**PROVIDED ENTRIES**:
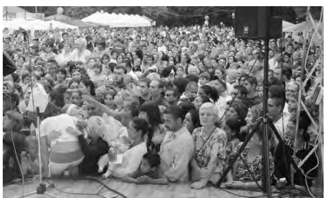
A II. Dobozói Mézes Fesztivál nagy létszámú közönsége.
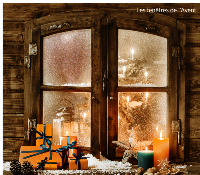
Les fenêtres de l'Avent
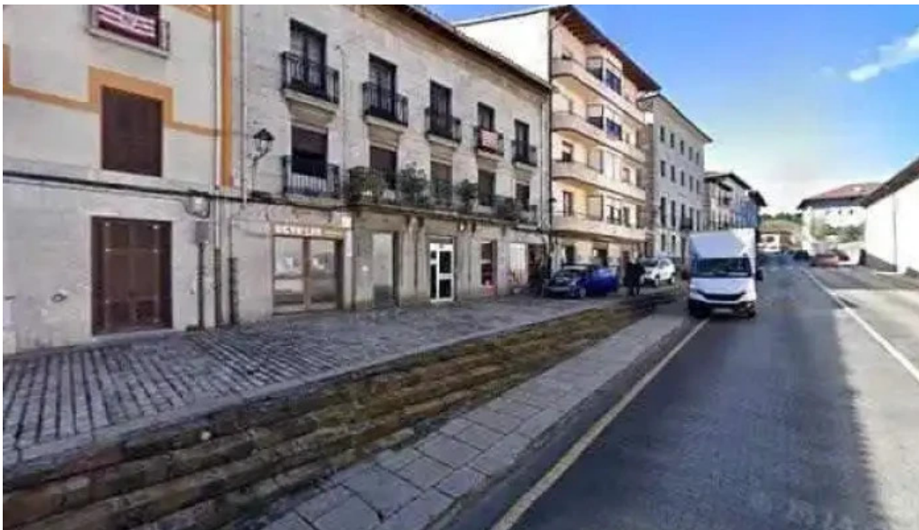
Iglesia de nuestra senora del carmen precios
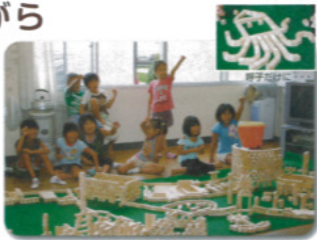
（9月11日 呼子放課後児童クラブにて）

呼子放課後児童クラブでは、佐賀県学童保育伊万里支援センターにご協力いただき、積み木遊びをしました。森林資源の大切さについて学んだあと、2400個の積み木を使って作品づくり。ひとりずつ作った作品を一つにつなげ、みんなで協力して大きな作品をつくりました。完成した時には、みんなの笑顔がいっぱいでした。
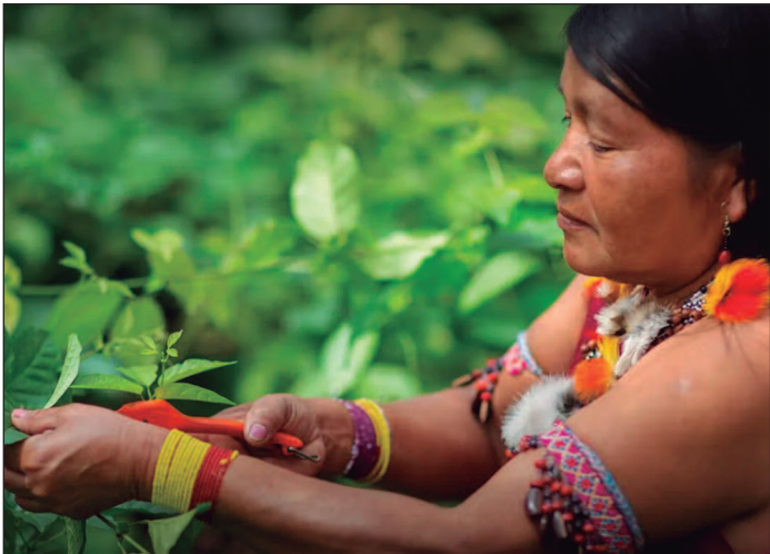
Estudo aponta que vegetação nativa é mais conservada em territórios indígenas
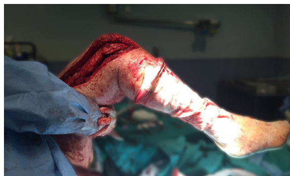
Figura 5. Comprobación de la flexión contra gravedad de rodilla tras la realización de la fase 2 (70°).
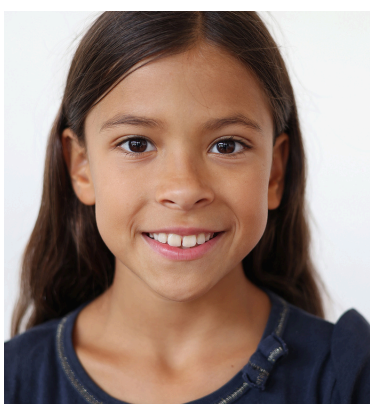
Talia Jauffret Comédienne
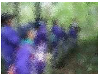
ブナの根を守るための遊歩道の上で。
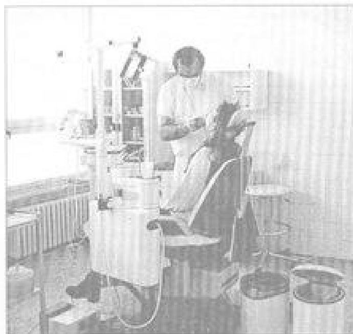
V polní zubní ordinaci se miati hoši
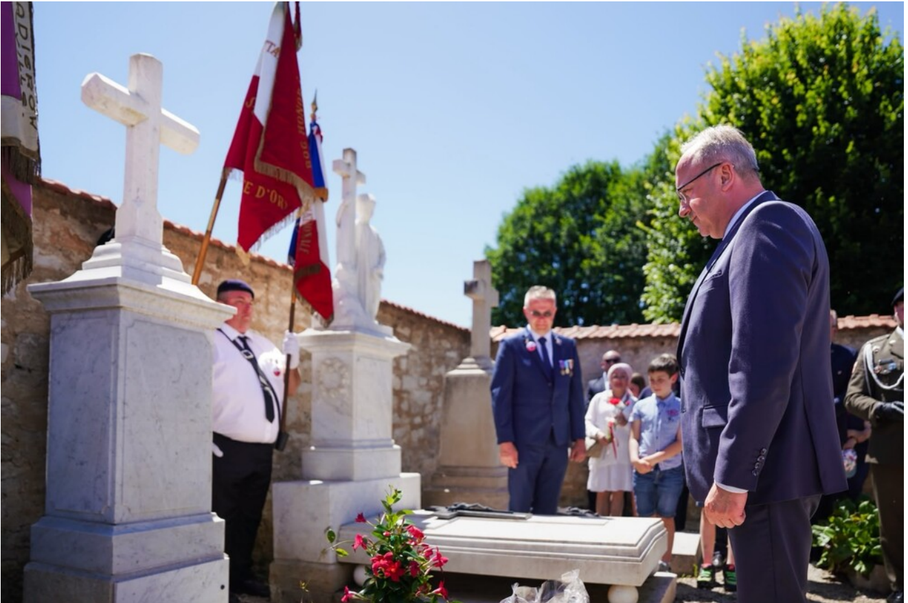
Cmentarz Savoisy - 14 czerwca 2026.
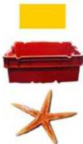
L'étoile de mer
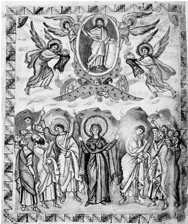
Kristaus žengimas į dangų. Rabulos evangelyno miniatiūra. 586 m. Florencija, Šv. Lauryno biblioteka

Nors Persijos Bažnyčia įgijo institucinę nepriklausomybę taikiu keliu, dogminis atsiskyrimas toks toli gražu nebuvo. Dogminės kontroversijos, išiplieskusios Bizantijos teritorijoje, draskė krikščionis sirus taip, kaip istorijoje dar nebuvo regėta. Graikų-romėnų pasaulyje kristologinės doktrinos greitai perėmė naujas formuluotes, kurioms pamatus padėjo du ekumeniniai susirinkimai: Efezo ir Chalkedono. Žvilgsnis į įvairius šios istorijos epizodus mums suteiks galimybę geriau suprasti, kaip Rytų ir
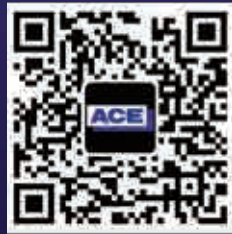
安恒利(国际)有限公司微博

**WHAT TO DO**:
Return an exact transcription of the material, with its pictures left out.

**SOLUTION TO THE PROBLEM**:
A II. Dobozói Mézes Fesztivál nagy létszámú közönsége.
Les fenêtres de l'Avent
Iglesia de nuestra senora del carmen precios
（9月11日 呼子放課後児童クラブにて）

呼子放課後児童クラブでは、佐賀県学童保育伊万里支援センターにご協力いただき、積み木遊びをしました。森林資源の大切さについて学んだあと、2400個の積み木を使って作品づくり。ひとりずつ作った作品を一つにつなげ、みんなで協力して大きな作品をつくりました。完成した時には、みんなの笑顔がいっぱいでした。
Estudo aponta que vegetação nativa é mais conservada em territórios indígenas
Figura 5. Comprobación de la flexión contra gravedad de rodilla tras la realización de la fase 2 (70°).
Talia Jauffret Comédienne
ブナの根を守るための遊歩道の上で。
V polní zubní ordinaci se miati hoši
Cmentarz Savoisy - 14 czerwca 2026.
L'étoile de mer
Kristaus žengimas į dangų. Rabulos evangelyno miniatiūra. 586 m. Florencija, Šv. Lauryno biblioteka

Nors Persijos Bažnyčia įgijo institucinę nepriklausomybę taikiu keliu, dogminis atsiskyrimas toks toli gražu nebuvo. Dogminės kontroversijos, išiplieskusios Bizantijos teritorijoje, draskė krikščionis sirus taip, kaip istorijoje dar nebuvo regėta. Graikų-romėnų pasaulyje kristologinės doktrinos greitai perėmė naujas formuluotes, kurioms pamatus padėjo du ekumeniniai susirinkimai: Efezo ir Chalkedono. Žvilgsnis į įvairius šios istorijos epizodus mums suteiks galimybę geriau suprasti, kaip Rytų ir
安恒利(国际)有限公司微博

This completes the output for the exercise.